Lifestyle modification, consisting of diet and exercise, is the cornerstone of therapy for NAFLD and has been shown by many studies to improve liver histology [39, 40]. However, lifestyle modification is difficult to achieve and to sustain [41]. The remarkable progress that has been made in previous years in understanding disease pathogenesis has led to an explosion of medical therapies targeting various aspects of the fat accumulation and injury pathways. These therapies can be classified according to their intended targets into four general groups ( Figure 1).

Figure 1.

Targets of upcoming therapies for non-alcoholic fatty liver disease (NAFLD).

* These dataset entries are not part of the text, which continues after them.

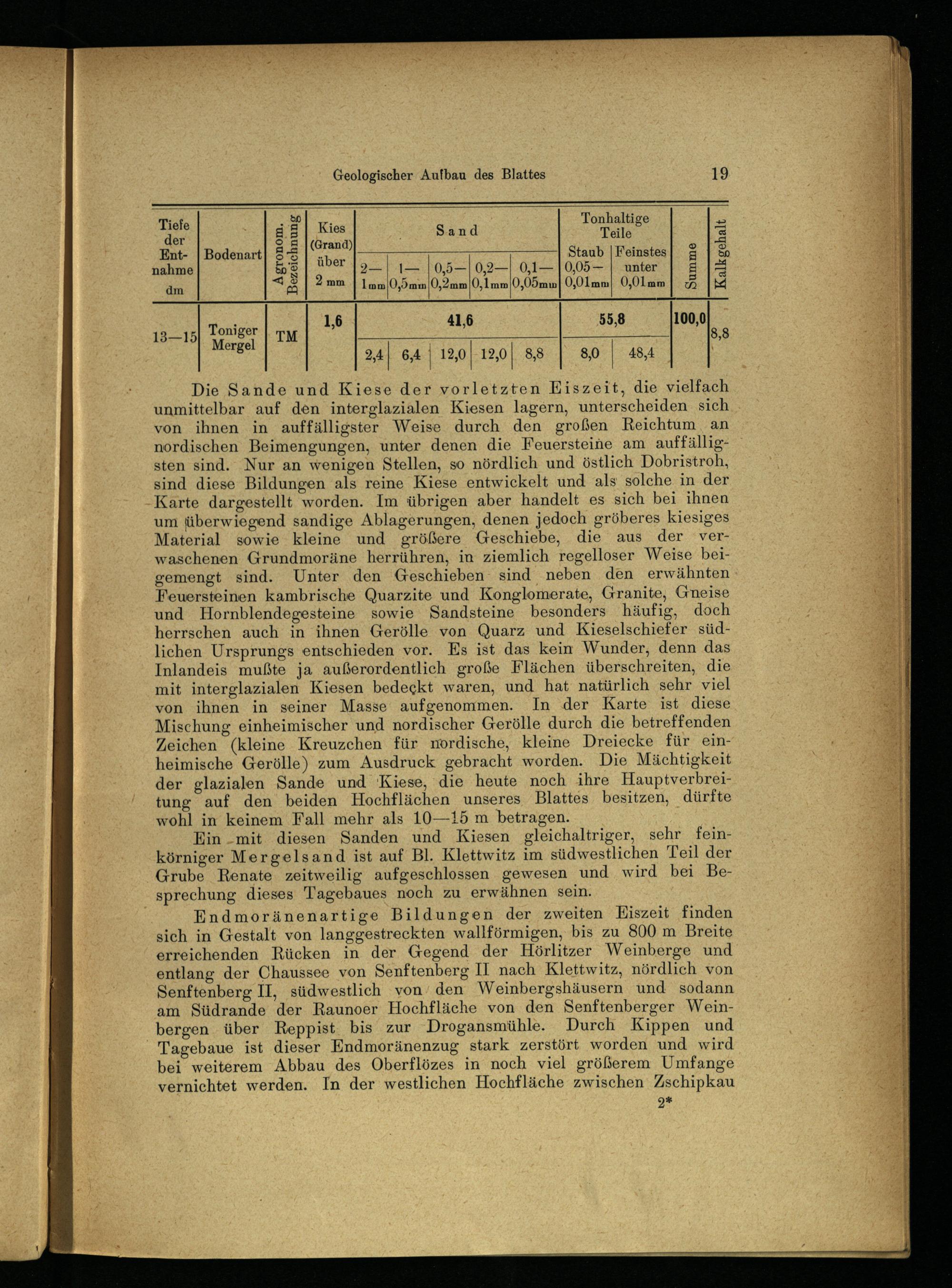 Endmoränenartige Bildungen der zweiten Eiszeit finden sich in Gestalt von langgestreckten wallförmigen, bis zu 800 m Breite erreichenden Rücken in der Gegend der Hörlitzer Weinberge und entlang der Chaussee von Senftenberg II nach Klettwitz , nördlich von Senftenberg II , südwestlich von‘ den Weinbergshäusern und sodann am Südrande der Raunoer Hochfläche von den Senftenberger Weinbergen über Reppist. bis zur Drogansmühle. Durch Kippen und Tagebaue ist dieser Endmoränenzug stark zerstört worden und wird bei weiterem Abbau des Oberflözes in noch viel größerem Umfange vernichtet werden. In der westlichen Hochfläche zwischen Zschipkau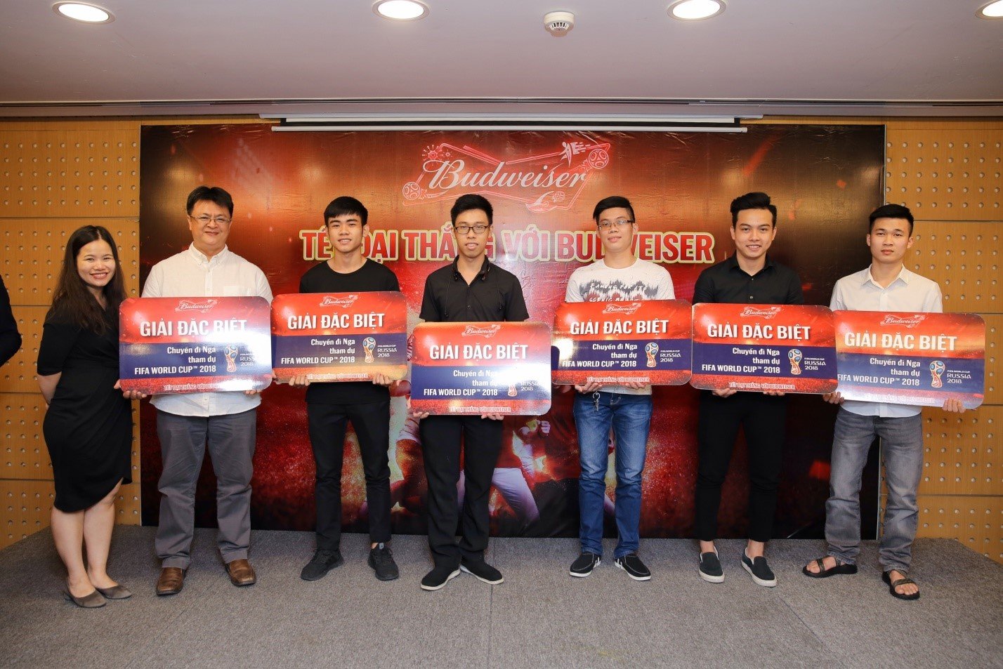 6 người may mắn đầu tiên giành được vé đến Nga xem World Cup 2018 trong buổi trao giải cùng đại diện nhãn hàng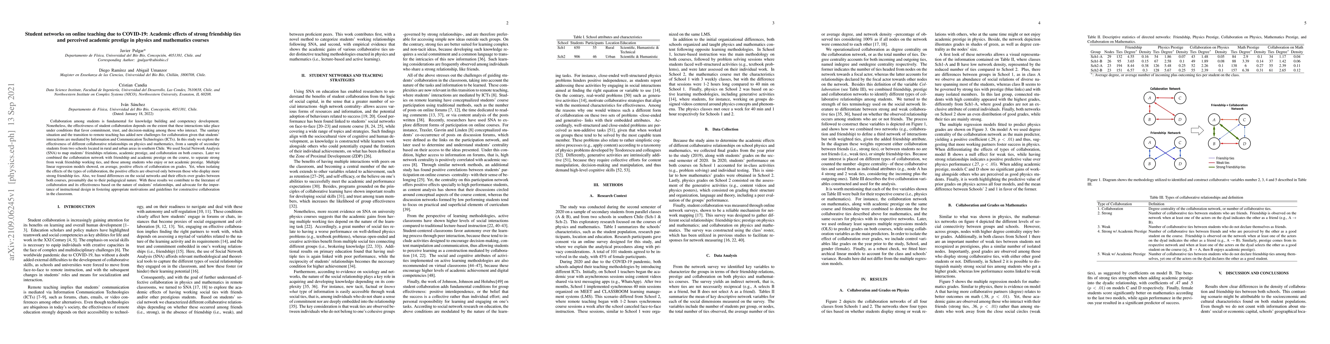 This study examines the impact of student collaboration on academic performance in physics and mathematics during the COVID-19 pandemic, using Social Network Analysis to explore the role of strong friendship ties and perceived academic prestige. Results indicate that collaboration positively affects grades, but only among students with strong friendship ties, highlighting the importance of relationship quality in remote learning environments.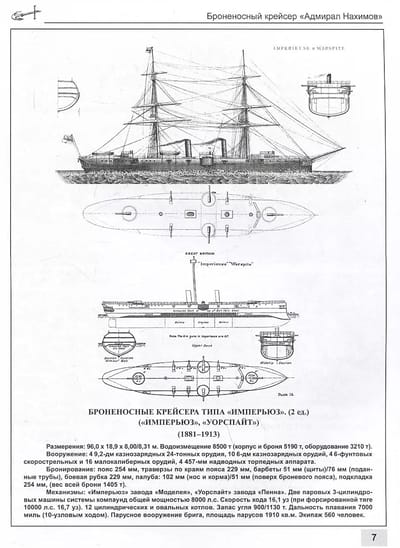 The battleship "Admiral Nakhimov", named in honor of the famous naval commander who defeated the Turkish fleet in the Battle of Sinop, became one of the most interesting warships built in the Russian Empire. "Admiral Nakhimov" significantly surpassed in artillery power most of the ships of the late XIX century. For a long time he was one of the fastest and heaviest cruisers in the world. It was on this ship that for the first time in the Russian Navy guns were installed in armored turrets, as well as the use of electric lighting and anti-torpedo networks. The cruiser was built during the transitional period of armored fleet development, when steam engines and sailing spar were combined in the projects - so "Nakhimov" turned out to be the largest sailing brig in the history of the Russian Navy. The ship spent most of its service in ocean voyages - from the Pacific Ocean to the United States and the Mediterranean Sea. The campaign as part of the 2nd Pacific Squadron was his last voyage, and now the famous cruiser, heroically lost in the Battle of Tsushima, rests in the waters of the Korean Strait.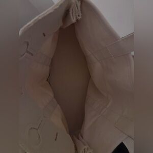 This stylish tote bag features a sophisticated cream and navy design, perfect for any occasion.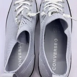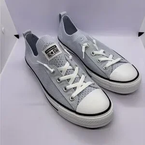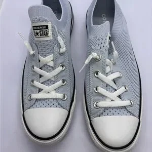 Breathable knit low-top sneakers by Converse. Lace-up design with rubber All Star heel patch. Subtle black trim along the sole. Lightweight and flexible knit upper.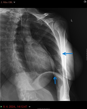 major displacement of the bone fragments. There are no signs of pneumothorax.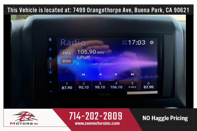 THIS VEHICLE IS LOCATED AT OUR BUENA PARK LOCATION: 7479 ORANGETHORPE AVE, BUENA PARK CA 90621. Please Call us at 657-255-4555 or 714-202-2809 or email us at SALES@ZEEMOTORSINC.COM To Check Availability.�* 1-Owner.* Clean Title.�* Passed Safety inspection and Smog Check.Attention to all buyers: All special prices are cash price and it does not include sales tax, license and registration fee, documentation fee, smog fee or any dealer add-ons / accessories. Additional financing charges may apply on approved credit.�While great effort is made to ensure the accuracy of the information provided on this site, errors do occur so please verify information with a team member. This is easily done by contacting us via phone or email (Call or Text 657-346-8544) All vehicles are equipped with an anti-theft/GPS system. Device cost not included in advertised price unless otherwise stated. See dealer for details and final pricing.* All vehicles offered by Zee Motors Inc. are sold strictly AS-IS, with no dealer warranty expressed or implied, unless otherwise stated in writing.Zee Motors Inc. makes every reasonable effort to present vehicles accurately; however, we do not guarantee the accuracy of vehicle condition, mileage, specifications, equipment, or history. All information provided is for general reference only and may be subject to errors or omissions.* It is the buyer's sole responsibility to independently inspect the vehicle and verify all aspects of its condition, including but not limited to mechanical performance, cosmetic condition, features, options, and prior history, prior to purchase. By completing a purchase, the buyer acknowledges full satisfaction with the vehicle's condition.* For added protection, Zee Motors Inc. also recommends purchasing an optional service contract (extended warranty) through one of our trusted third-party providers. These contracts are not included unless specifically purchased.* We strongly recommend that all customers obtain a third-party pre-purchase inspection (PPI). Inspections are available within a 3-mile radius of the dealership and must be approved and scheduled through Zee Motors Inc.*Zee Motors Inc. reserves the right to deny any claims, requests, or disputes regarding vehicle condition or performance after the sale has been completed, as all used vehicles are sold AS-IS and final.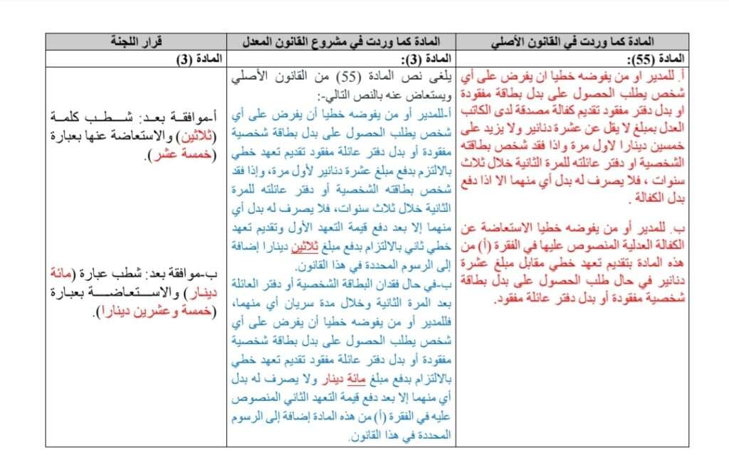 و في نفس المادة 55 – ب (عدلت اللجنة و خفضت غرامة بدل الفاقد للمرة بعد الثانية من 100 دينار لـ25 دينار إضافة إلى الرسوم و الغرامة الواردة في الفقرة (أ) و هي 15 ديناراً.
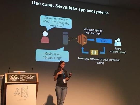 在應(yīng)用程序生態(tài)系統(tǒng)中,應(yīng)用程序或工作流是在無服務(wù)器環(huán)境中創(chuàng)建的,并結(jié)合了 AWS 功能和產(chǎn)品以及第三方服務(wù)商 API。Bonner 舉了一個例子,有人告訴 Amazon Echo,他們正在做演示,然后語音數(shù)據(jù)觸發(fā) lambda 函數(shù),通過 Slack API 將該消息傳遞給遠(yuǎn)程團(tuán)隊(duì)。然后在無服務(wù)器環(huán)境中輪詢確定團(tuán)隊(duì)何時做出響應(yīng)并向 Echo 發(fā)送反饋信息。

DNL, de novo lipogenesis; FGF, fibroblast growth factor; FMT, fecal microbial transplant; FXR, farnesoid X receptor; FXRE, FXR response element; GHRH, growth hormone-releasing hormone; GLP-1, glucagon-like peptide-1; PPAR, peroxisome proliferator-activated receptor; PPRE, PPAR response element; RXR, retinoid X receptor. Reprinted with permission from Rotman Y and Sanyal AJ. Current and upcoming pharmacotherapy for non-alcoholic fatty liver disease. Gut. 2017;66:180–190.

1. Targeting metabolism and oxidative stress

. Large randomized clinical trials have proven the beneficial effects of vitamin E in patients with NASH ( Table 1). In an innovative randomized double-blind placebo-controlled trial (RDBPCT), the authors found that a daily dose of 800 IU of vitamin E for 96 weeks improved the histological features of NASH (hepatic steatosis, lobular inflammation, and hepatocellular ballooning) in approximately 43% of non-diabetic patients compared with 19% of placebo ( P = 0.001) [42]. In an analysis conducted recently of patients from the control group of the FLINT trial, vitamin E’s ability to improve NASH histological features was further confirmed [43, 44].

Table 1.

Clinical trials of medications for non-alcoholic fatty liver disease (NAFLD).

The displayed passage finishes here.